Thursday, February 22, 2024

Afghanistan’s Collapse blamed on US ‘Deep State’: Amrullah Saleh

Immigration News

Fidel Rahmati
Fidel Rahmati
Fidai Rahmati is the editor and content writer for Khaama Press. You may follow him at Twitter @FidelRahmati

Amrullah Saleh, former Vice President of Afghanistan, revealed information in an interview with the Russian newspaper “Nizavisimaya” published on Monday, January 22nd, regarding the views of American officials on Afghanistan and the meetings they had with senior American officials before the collapse of the Ghani government.

Amrullah Saleh stated that the republican system in Afghanistan did not collapse overnight but rather began to unravel in the spring of 2011, following the death of Osama bin Laden, the leader of Al-Qaeda in Pakistan.

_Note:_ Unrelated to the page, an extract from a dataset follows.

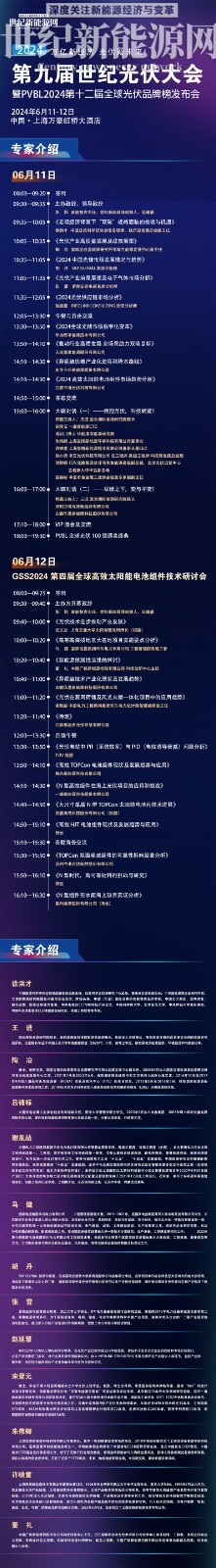 6月11日-12日,CPC2024第九届世纪光伏大会暨PVBL2024 全球光伏品牌榜发布会将于上海重磅“启航”,大会以“万亿新经济 光伏新未来”为主题。同期还将举办GSS2024第四届全球高效太阳能电池组件技术研讨会。将从产业经济、 政策变化、技术创新、光储融合等前瞻性话题和热点领域进行深入探讨和交流,促进上下游产业链协同创新进步,推动光伏产业的品牌建设与技术创新。

This gradual process was initiated through an agreement between the United States and the Taliban in February 2020 in Doha, lasting for ten years.

Mr. Saleh believes that Russia’s annexation of Crimea in Ukraine had a significant impact on American policy in Afghanistan. After this event, American meetings with the Taliban accelerated, ultimately leading to the Taliban’s rise to power in 2021, as sustaining the Afghan government required substantial resources.

Saleh is of the opinion that, similar to the Cold War era, Islamist extremist forces are more advantageous for the United States in the region compared to democratic and pluralistic forces.

The former Deputy Head of the Afghan Presidency provided details about meetings he, Ashraf Ghani, and Abdullah Abdullah had with the President, Defense Minister, and the Director of U.S. Intelligence two months before the fall of the republic in June 2021.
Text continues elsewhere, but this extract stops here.